With a little side of applesauce...

Tuesday, January 30, 2007

Debian/Apache2 mod_proxy “Forbidden”

The Debian Apache2 mod_proxy is setup to proxy the whole server by default. This being the case, they set a very strict set of rules in the /etc/apache2/mods-enabled/proxy.conf:


ProxyRequests Off


Order deny,allow
Deny from all
#Allow from .your_domain.com

# Enable/disable the handling of HTTP/1.1 “Via:” headers.
# (”Full” adds the server version; “Block” removes all outgoing Via: headers)
# Set to one of: Off | On | Full | Block

ProxyVia On

# To enable the cache as well, edit and uncomment the following lines:
# (no cacheing without CacheRoot)

CacheRoot “/var/cache/apache2/proxy”
CacheSize 5
CacheGcInterval 4
CacheMaxExpire 24
CacheLastModifiedFactor 0.1
CacheDefaultExpire 1
# Again, you probably should change this.
#NoCache a_domain.com another_domain.edu joes.garage_sale.com


Because we run some many virtual hosts, it doesn’t make sense to have this configuration set globally, so I comment these out, and place the appropriate rules per vhost. Here is my /etc/apache2/mods-enabled/proxy.conf:


# ProxyRequests Off

#
# Order deny,allow
# Deny from all
# #Allow from .your_domain.com
#

# Enable/disable the handling of HTTP/1.1 “Via:” headers.
# (”Full” adds the server version; “Block” removes all outgoing Via: headers)
# Set to one of: Off | On | Full | Block

# ProxyVia On

# To enable the cache as well, edit and uncomment the following lines:
# (no cacheing without CacheRoot)

# CacheRoot “/var/cache/apache2/proxy”
# CacheSize 5
# CacheGcInterval 4
# CacheMaxExpire 24
# CacheLastModifiedFactor 0.1
# CacheDefaultExpire 1
# Again, you probably should change this.
#NoCache a_domain.com another_domain.edu joes.garage_sale.com


REMEMBER!! You must set the correct configuration items in your vhosts which support proxying, or else you are opening yourself as an anonymous proxy. Here is an example of how to I have my config setup:


ProxyRequests Off
#

Deny from all

# proxypass rules
ProxyPass / http://localhost:8080/
ProxyPassReverse http://localhost:8080/ /


I just found this little tidbit when double-checking my facts for this entry:

A reverse proxy is activated using the ProxyPass directive or the [P] flag to the RewriteRule directive. It is not necessary to turn ProxyRequests on in order to configure a reverse proxy.”

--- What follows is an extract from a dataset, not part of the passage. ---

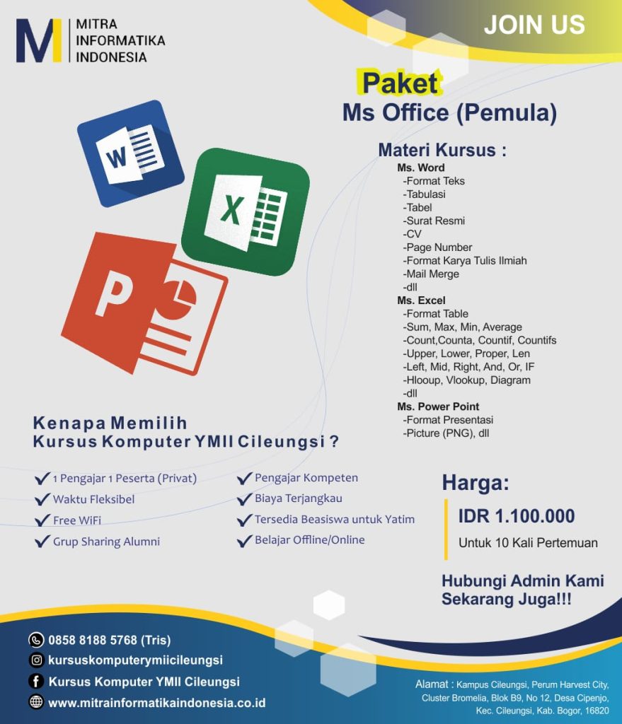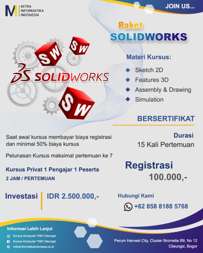 Paket belajar komputer kami dari pemula Ms Office, ada juga Desain Grafis, Video Editing, Jaringan Komputer, Web Desain, Web Programming, Digital Marketing, AutoCAD, SolidWorks, SketchUp, dll

– http://httpd.apache.org/docs/1.3/mod/mod_proxy.html

And sure enough, the proxypass still works. I don’t know if I still need the LocationMatch with ProxyRequests Off, but it seems to be a safe move, so I will leave it there until I test further.

2 comments:

Dave Shuck said...

You rule! I had just set up Apache--> mod_proxy--> Glassfish application and was getting this error. I was stressing as I am trying to get it all in tact for Dallas TechFest presentation on Friday! Very cool to find a local person with the solution. I owe you a cup of coffee at Jupiter House! :)

~d

Shannon Eric Peevey said...

I'm glad to have helped! I have moved from Denton, but accept drop-shipped coffee from Jupiter :) Take care!